During the reeling in of one line, there’s a strike. Keller reels in an eight-pound lake trout.

The sun turns a bright orange as it is setting behind a small cloud bank, turned a deep purple in the twilight.

The engines roar to life again as the craft is pointed back to the west where the outline of the Wisconsin shore is now quite diminutive. This excursion finished almost six miles off shore in 140 feet of water.

It takes a long and bumpy 15 minutes before the vessel is back in the quiet waters of the Two Rivers harbor. Now it’s dark as Kakes directs his craft back to his dock.

The fishermen step out onto the pier as Kakes and Rysticken both grab the handles on each end of the cooler holding the day’s catch. 
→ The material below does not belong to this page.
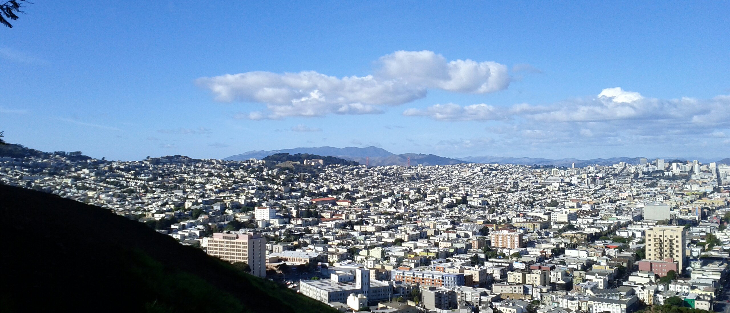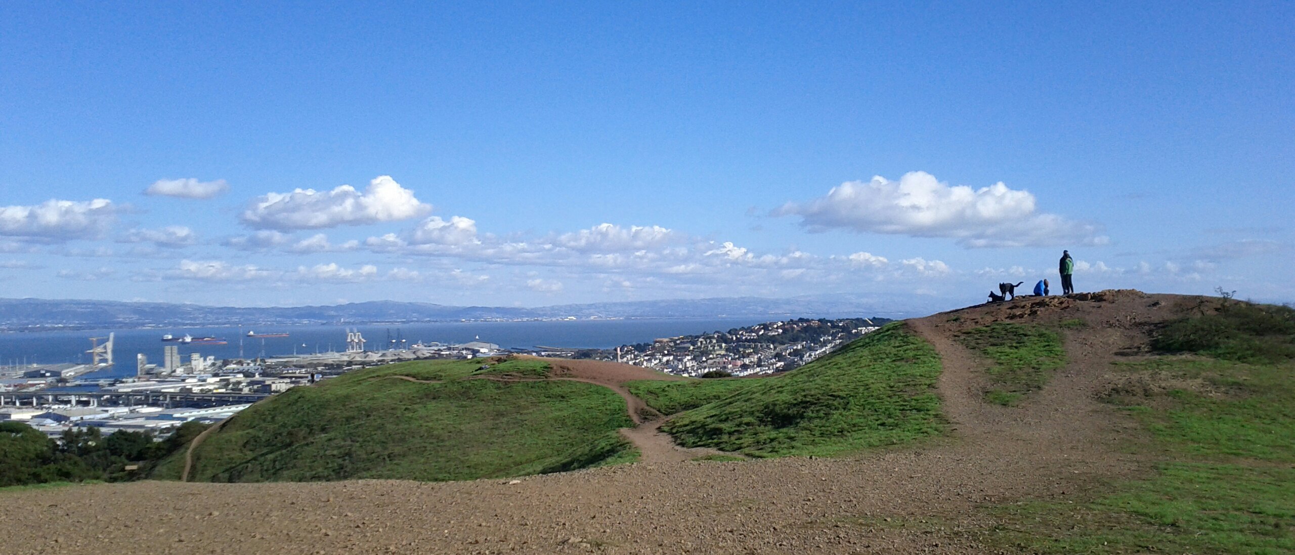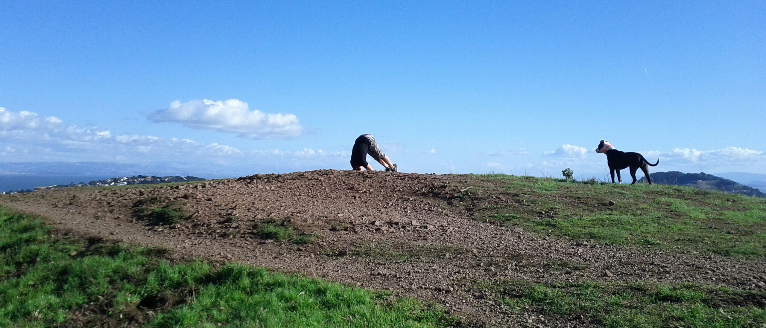 Yesterday was a gorgeous, clear, sunny day, despite being bitingly cold. (“Biting cold” in San Francisco is 55°F/13°C). In all the years I’ve lived here, I had never been to Bernal Heights Park! I’ve been around it, by way of the road circling it as a shortcut from traffic-clogged Cesar Chavez over to Cortland. I’ve been near it, by way of tending a friend’s community garden plot across the street from it. I’ve been past it, by way of my bus route to work every day. But I’ve never been in it. Yesterday I had access to a vee-hickle and decided to explore with our dog Spoon.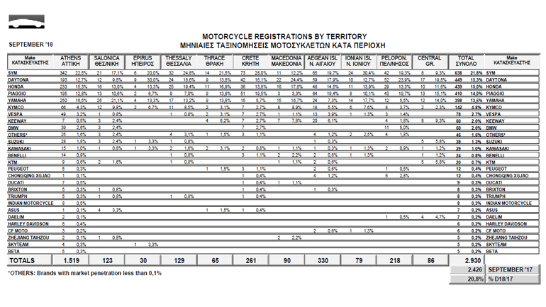 Τα πάνω κάτω, ή μάλλον τα κάτω πάνω, ήρθαν στην εγχώρια αγορά μοτοσυκλέτας το μήνα Σεπτέμβριο, όπου για πρώτη φορά στα χρονικά SYM και Daytona φιγουράρουν μαζί στις πρώτες θέσεις. Το φθινόπωρο μπήκε δυναμικά για την αγορά μοτοσυκλετών, scooter και ATV άνω των 50cc, με τις πωλήσεις να παρουσιάζουν το Σεπτέμβριο αύξηση κατά σχεδόν 21% σε σχέση με τον αντίστοιχο μήνα του 2017. Αυτό μεταφράζεται σε 2.930 ταξινομήσεις, δηλαδή 500 περισσότερες από πέρυσι, που στέλνουν το δικό τους ηχηρό μήνυμα για ένα 2019 ακόμα πιο δυνατό. Στην πρώτη θέση βρέθηκε η SYM με 638 μονάδες, στη δεύτερη η καλπάζουσα Daytona με 449, στην τρίτη η Honda με 10 λιγότερες (439), στην τέταρτη η Piaggio με 410, στην πέμπτη η Yamaha με 398 και στην έκτη η Kymco με 142.

Once on land, Rysticken places each fish on a hook under a sign, “ShurKatchCharters.Com.” Photos are taken of the catch. Smartphones send the images to friends, family and Twitter followers.
From the left - a 10lb. King Salmon, an 8lb.Lake Trout,
a 5lb.Rainbow Trout, a 5.5lb. Rainbow Trout, a 4lb. coho Salmon

Kakes has to turn on a lamp so he has the light to fillet the fish for his customers. He hands the fillets to Rysticken who puts them into a large plastic bag. These fishermen go home with 18 pounds of freshly caught fish.

“I want to work tomorrow,” Rysticken says to Kakes. He nods.

“We shove off at 4:15 a.m.,” Kakes says. Another charter early the next day.

It’s going to be a short night for the captain and his first mate.